The first line of the entries and each line after it, through the one that contains "Teror Ular Piton", are to be duplicated exactly; no picture belongs in the copy.

***** Recorded information *****

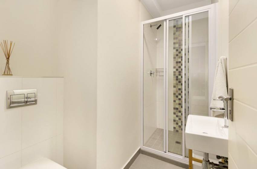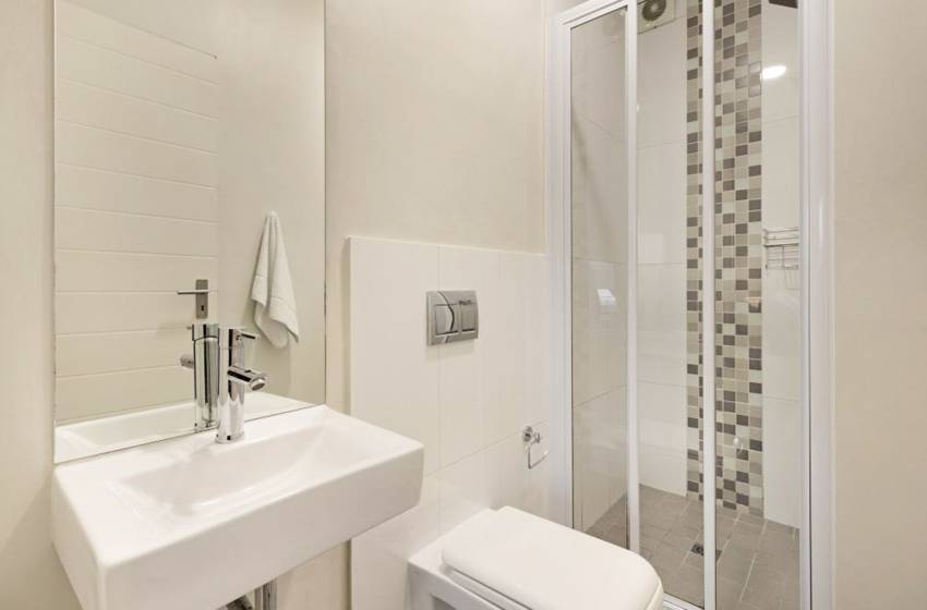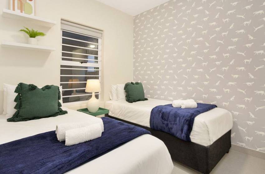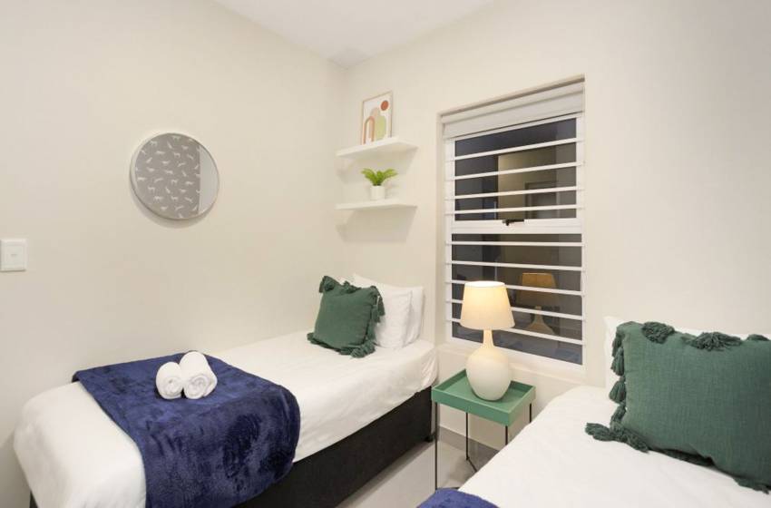 The bedrooms are spacious and stylishly furnished to reflect the area’s tranquil vibe. The master bedroom has a double bed, balcony access and an en-suite bathroom with a shower. The second bedroom has 2x single beds (pushed together), accessing the apartment’s shared bathroom fitted with a shower.
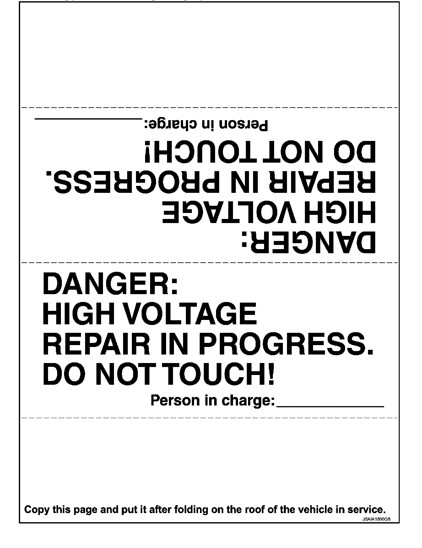 To call the attention of other workers, indicate "High voltage work in progress. Do not touch!" on vehicles where work is being performed on the high voltage systems.
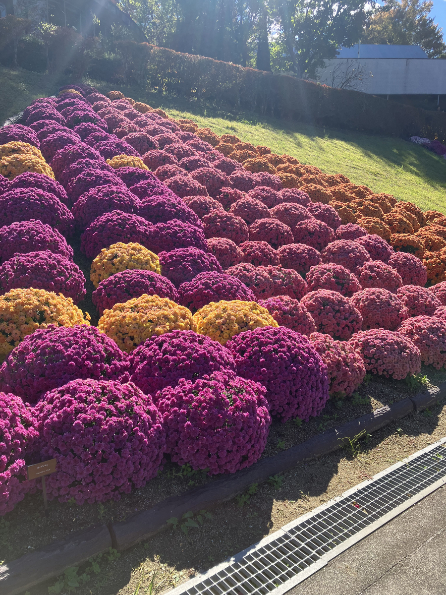 こちらはガーデンマム。ジャックリーン ピンク と表示されています。どちらの方向を向いても綺麗な景色で、天空に浮かぶラピュタを思い浮かべます。
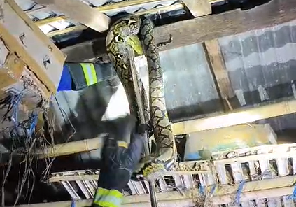 Teror Ular Piton 3,5 Meter di Atap Kandang, Damkarmat Banyuwangi Bergerak Cepat.
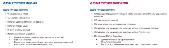 Тип счета PROFESSIONAL предполагает плавающий спред от 0,5 пунктов, плечо до 1:100 и технологию исполнения Market Execution, то есть, с выводом позиций на межбанковский рынок. Сразу отметим, что при отсутствии необходимой ликвидности дилер может отклонять ордера или увеличивать время исполнения. Единственным преимуществом данного счета является рыночное исполнение сделок без вмешательства компании, что обеспечивает отсутствие конфликта интересов. Тем не менее, рекомендовать данный торговый счет для серьезной торговли мы также не можем, особенно трейдерам, которые предпочитают скальпинг и различных торговых советников – при столь расширенных спредах и небольшом кредитном плече остается надеяться только на ручную классическую торговлю.
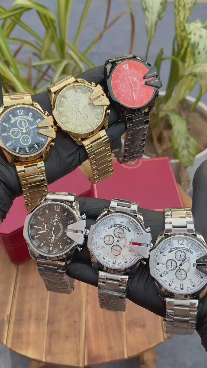 The Diese_l 10 Bar Japan Quality Watch (Golden-Black) is a premium timepiece designed for those who value style and durability. Featuring water resistance and backed by a 6-month machine warranty, this watch ensures reliable performance in everyday conditions. Its bold design and robust build make it a standout accessory for any collection.
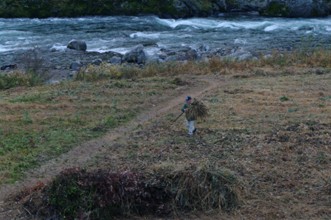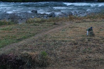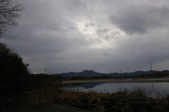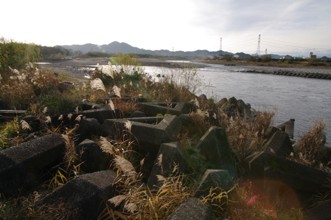 / 空,雲,鉄塔,電線,山,建物,川,河原,岩石,ブロック,ススキ,河畔植生,植物
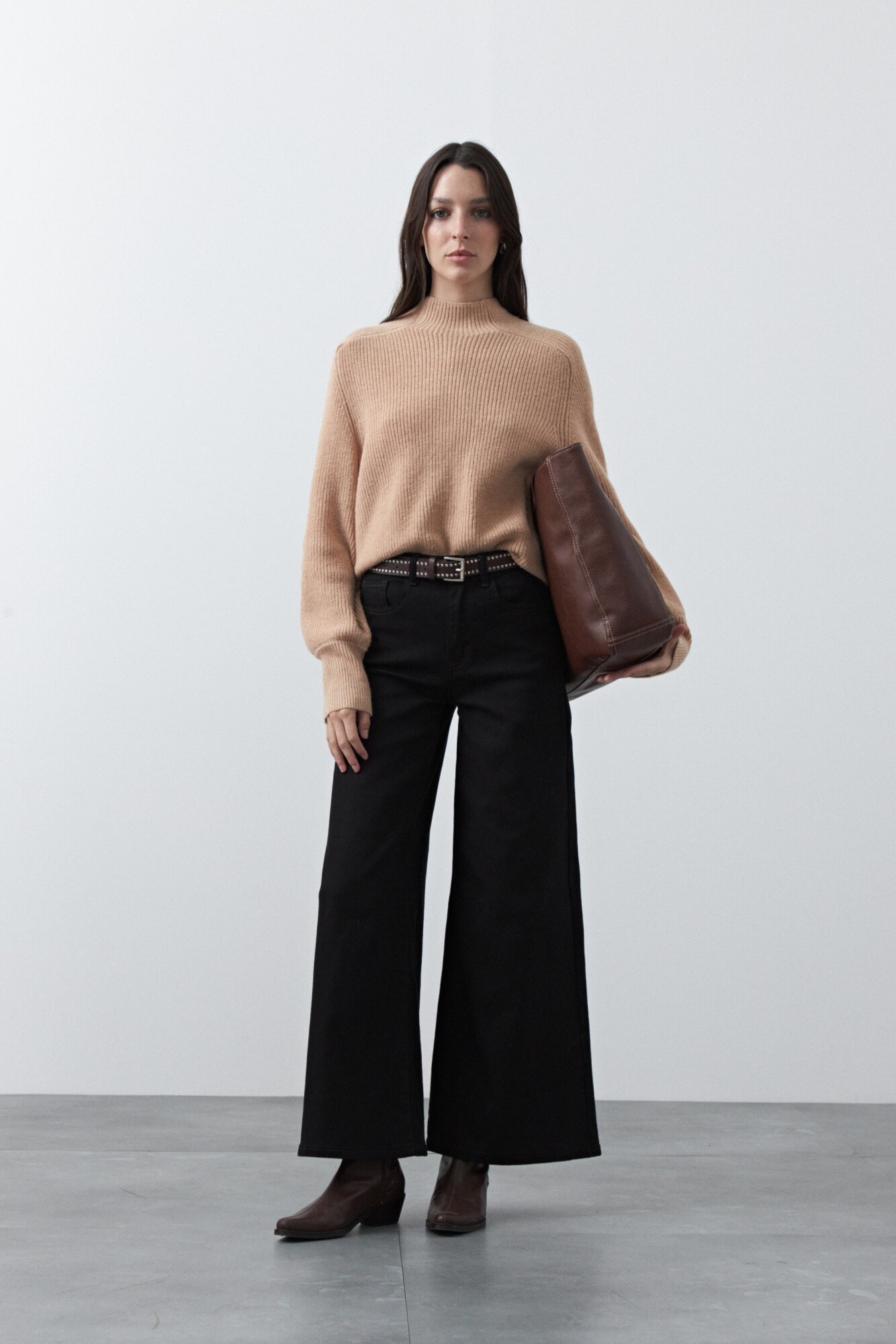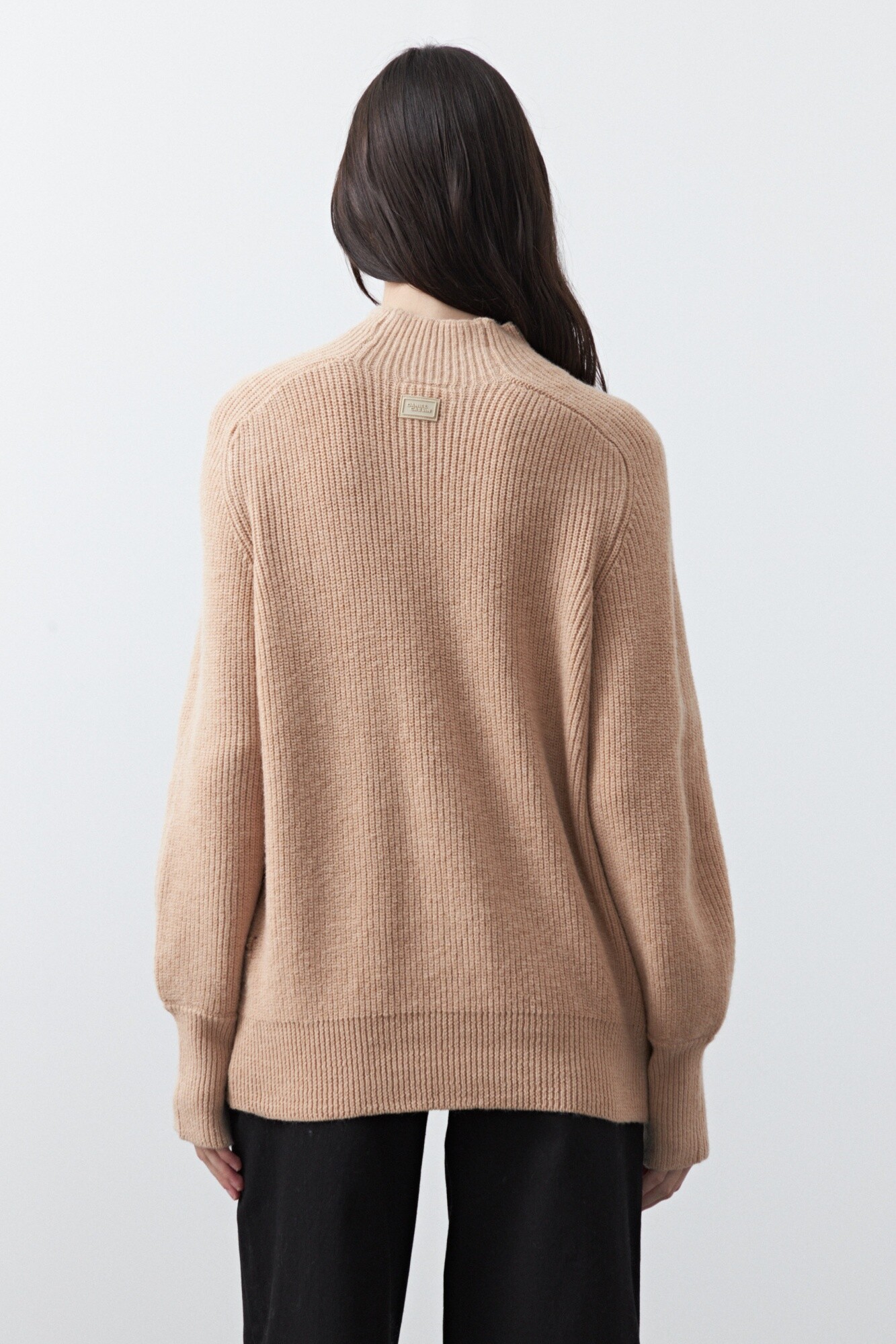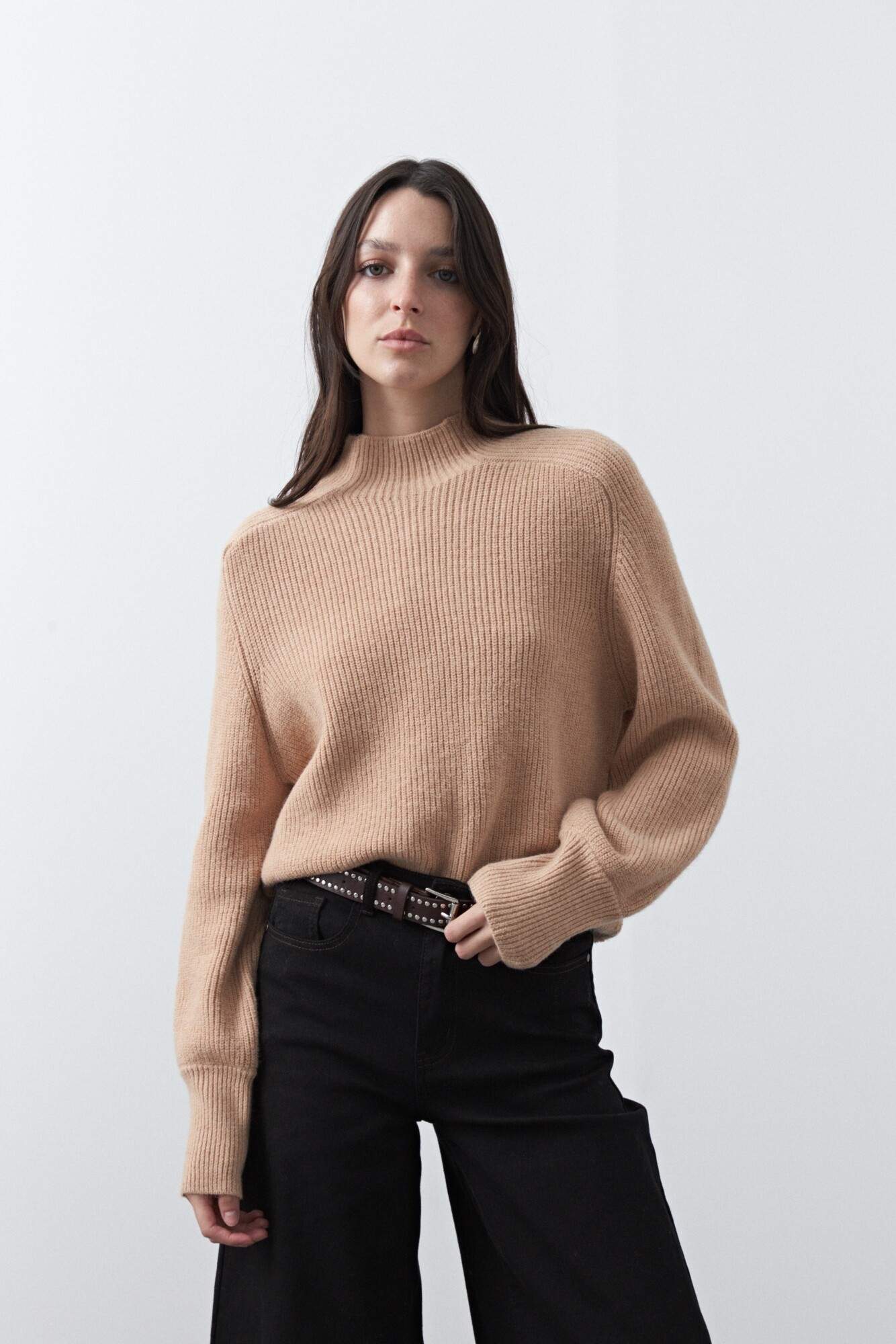 20 Polera tejida de silueta relajada con cuello alto, pensada para sumar abrigo con un look limpio y actual. Su diseño minimalista la convierte en un básico versátil, fácil de combinar tanto en outfits de oficina como en propuestas más casuales.

*****

### Expected answer
 The bedrooms are spacious and stylishly furnished to reflect the area’s tranquil vibe. The master bedroom has a double bed, balcony access and an en-suite bathroom with a shower. The second bedroom has 2x single beds (pushed together), accessing the apartment’s shared bathroom fitted with a shower.
 To call the attention of other workers, indicate "High voltage work in progress. Do not touch!" on vehicles where work is being performed on the high voltage systems.
 こちらはガーデンマム。ジャックリーン ピンク と表示されています。どちらの方向を向いても綺麗な景色で、天空に浮かぶラピュタを思い浮かべます。
 Teror Ular Piton 3,5 Meter di Atap Kandang, Damkarmat Banyuwangi Bergerak Cepat.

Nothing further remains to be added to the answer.